## TASK STATEMENT:
Word for word, return each entry that follows, with every image removed.

[[ TASK INPUT, beginning ]]

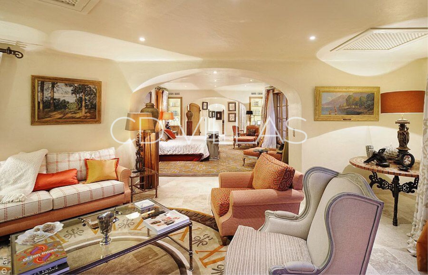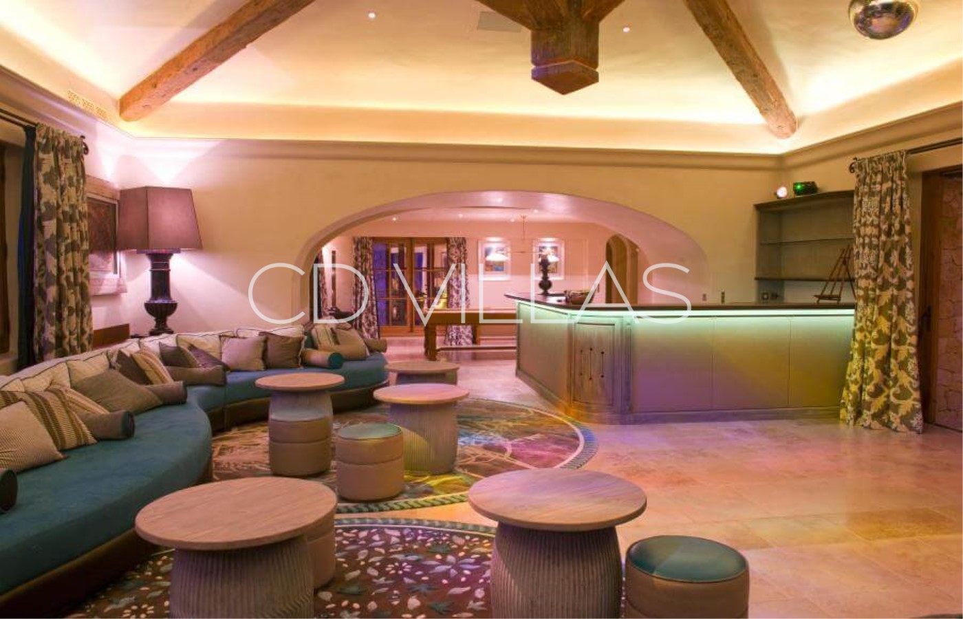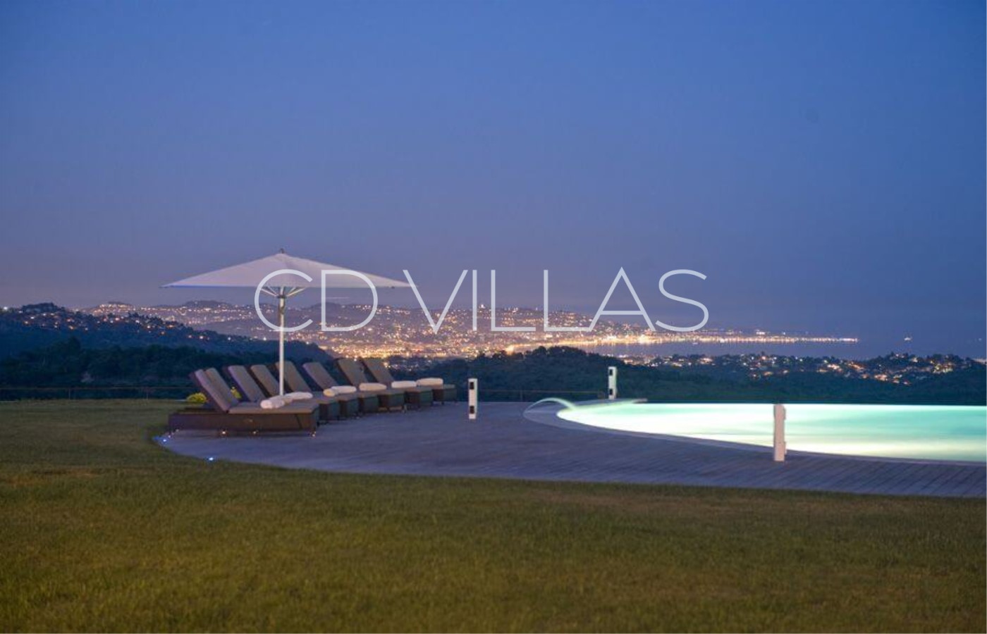 When you enter the house, you are enthralled by the seaview with rolling woods surrounding the property. The large double living room is the heart of this beautiful house with, on the left handside, the dining room with sea and pool view, the office fit for a king or a businessman, and the large kitchen fitted with the latest Gaggenau appliances, marble countertops and sink as well as three large fridge freezers. On the right handside of the living room, you have a small guest office and four bedrooms all with ensuite bathrooms ( shower enclosure, bathtub with TV, bidet and WC). All bedrooms have kingsize beds or large twins, dressing rooms, either garden or seaview with direct acces to the garden, AC and TV screen with international satellite channels. Following the bedrooms, there is a large nightclub/games room perfect for parties or family celebrations. The first floor is the master bedroom with a large private lounge, dressing room, full bathroom and a balcony with panoramic seaview. There is AC throughout the house, indoor and outdoor music system, high speed internet, DVD, Ipod Outside is like an extension of the house with large dining areas, comfortable summer lounges on the covered terraces, large decking with sunlounges around the infinity pool overlooking the sea. Underneath the pool, you will find the spa with state of the art gym equipment, jacuzzi, hammam and sauna. There is a silent security system with guards on the grounds at night and a groundsman always onsite. There is a helipad on the grounds for easy access from the airport.
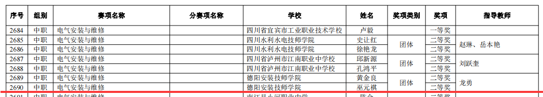 “电气安装与维修”“二等奖”选手合影
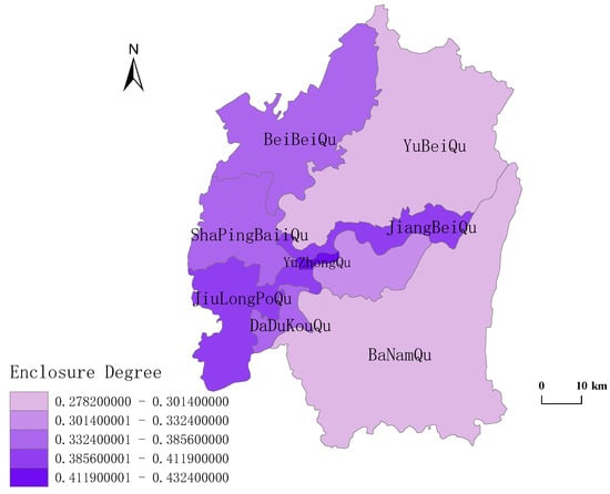 Interface enclosure refers to the degree of closure in urban streets or areas, often associated with a sense of security and clearly defined boundaries. As shown in Figure 14, Yuzhong District has the highest level of interface enclosure, with a more closed street layout, possibly indicating a commercial or central area with a strong sense of separation. Jiulongpo District and Jiangbei District also exhibit relatively high levels of enclosure, suggesting well-defined boundaries and more spatial separation. In contrast, Yubei District and Banan District show lower levels of interface enclosure, implying a greater sense of openness and better connectivity between neighborhoods.
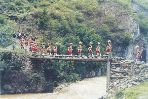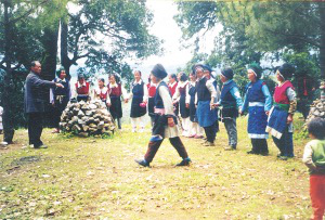 頌藥仙活動(dòng)各村為陣,是一項(xiàng)以傳授藥物知識(shí)和防病方法為主題的歌舞活動(dòng)。早早吃過晚飯后,人們集中到白天洗揀藥物的水邊,用青松和花草編扎的轎子抬上藥仙的肖像,敲鑼打鼓、載歌載舞,把藥仙抬到她的化身“定居”的山林中,舉行頌贊藥仙功績(jī)的儀式?;顒?dòng)場(chǎng)地四周,插遍各種花枝,花枝上掛滿姑娘們精繡的荷包,荷包中裝的是各種治病的藥粉。場(chǎng)中央燃燒著熊熊篝火,火邊供著藥仙的肖像。參加活動(dòng)的人,各持兩束用藥用植物編成的“花束”,在歌頭的帶領(lǐng)下,眾人手舞“花束”,環(huán)篝火踏歌而舞。用動(dòng)聽的歌聲,歌唱藥仙嘗百草、治疾病的故事;介紹用中草藥防病、治病的知識(shí)……踏歌接近尾聲時(shí),人們便把手中舞耍的“花束”丟進(jìn)篝火中焚燒,象征把各自身上的病疾丟盡,實(shí)際上是借焚藥草來達(dá)到消毒防病的目的。
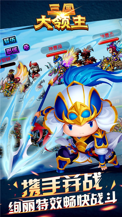 《三国大领主》是一个Q版风格建立在一个以三国世界观下的大型沙盒战争策略游戏。玩家将扮演三国时期的城主,生产战略资源、笼络名士猛将、征召百万雄兵参与到十三州的领土争夺中。这是一个以“三国”为背景的战争沙盘策略游戏,画风上承载了Q萌的武将元素,玩法上增加了独特的国战,同盟等。而它的主要特点是军团作战,强调布阵策略和临场技能释放,让你瞬间变身成为一位立马横刀的元帅的感觉,秒杀以往枯燥乏味的自动战斗模式。
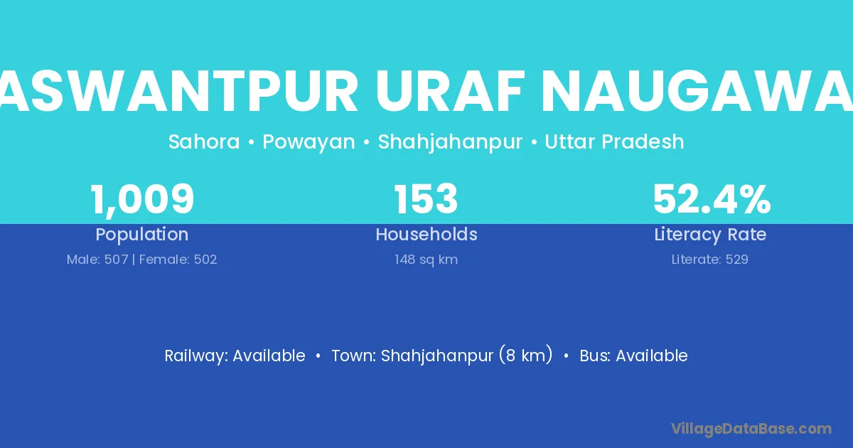 Jaswantpur Uraf Naugawan village has a total population of 1,009 people, of which 507 are males and 502 are females.

[[ TASK INPUT, end ]]

## RESULT OF THIS EXERCISE:
 When you enter the house, you are enthralled by the seaview with rolling woods surrounding the property. The large double living room is the heart of this beautiful house with, on the left handside, the dining room with sea and pool view, the office fit for a king or a businessman, and the large kitchen fitted with the latest Gaggenau appliances, marble countertops and sink as well as three large fridge freezers. On the right handside of the living room, you have a small guest office and four bedrooms all with ensuite bathrooms ( shower enclosure, bathtub with TV, bidet and WC). All bedrooms have kingsize beds or large twins, dressing rooms, either garden or seaview with direct acces to the garden, AC and TV screen with international satellite channels. Following the bedrooms, there is a large nightclub/games room perfect for parties or family celebrations. The first floor is the master bedroom with a large private lounge, dressing room, full bathroom and a balcony with panoramic seaview. There is AC throughout the house, indoor and outdoor music system, high speed internet, DVD, Ipod Outside is like an extension of the house with large dining areas, comfortable summer lounges on the covered terraces, large decking with sunlounges around the infinity pool overlooking the sea. Underneath the pool, you will find the spa with state of the art gym equipment, jacuzzi, hammam and sauna. There is a silent security system with guards on the grounds at night and a groundsman always onsite. There is a helipad on the grounds for easy access from the airport.
 “电气安装与维修”“二等奖”选手合影
 Interface enclosure refers to the degree of closure in urban streets or areas, often associated with a sense of security and clearly defined boundaries. As shown in Figure 14, Yuzhong District has the highest level of interface enclosure, with a more closed street layout, possibly indicating a commercial or central area with a strong sense of separation. Jiulongpo District and Jiangbei District also exhibit relatively high levels of enclosure, suggesting well-defined boundaries and more spatial separation. In contrast, Yubei District and Banan District show lower levels of interface enclosure, implying a greater sense of openness and better connectivity between neighborhoods.
 頌藥仙活動(dòng)各村為陣,是一項(xiàng)以傳授藥物知識(shí)和防病方法為主題的歌舞活動(dòng)。早早吃過晚飯后,人們集中到白天洗揀藥物的水邊,用青松和花草編扎的轎子抬上藥仙的肖像,敲鑼打鼓、載歌載舞,把藥仙抬到她的化身“定居”的山林中,舉行頌贊藥仙功績(jī)的儀式?;顒?dòng)場(chǎng)地四周,插遍各種花枝,花枝上掛滿姑娘們精繡的荷包,荷包中裝的是各種治病的藥粉。場(chǎng)中央燃燒著熊熊篝火,火邊供著藥仙的肖像。參加活動(dòng)的人,各持兩束用藥用植物編成的“花束”,在歌頭的帶領(lǐng)下,眾人手舞“花束”,環(huán)篝火踏歌而舞。用動(dòng)聽的歌聲,歌唱藥仙嘗百草、治疾病的故事;介紹用中草藥防病、治病的知識(shí)……踏歌接近尾聲時(shí),人們便把手中舞耍的“花束”丟進(jìn)篝火中焚燒,象征把各自身上的病疾丟盡,實(shí)際上是借焚藥草來達(dá)到消毒防病的目的。
 《三国大领主》是一个Q版风格建立在一个以三国世界观下的大型沙盒战争策略游戏。玩家将扮演三国时期的城主,生产战略资源、笼络名士猛将、征召百万雄兵参与到十三州的领土争夺中。这是一个以“三国”为背景的战争沙盘策略游戏,画风上承载了Q萌的武将元素,玩法上增加了独特的国战,同盟等。而它的主要特点是军团作战,强调布阵策略和临场技能释放,让你瞬间变身成为一位立马横刀的元帅的感觉,秒杀以往枯燥乏味的自动战斗模式。
 Jaswantpur Uraf Naugawan village has a total population of 1,009 people, of which 507 are males and 502 are females.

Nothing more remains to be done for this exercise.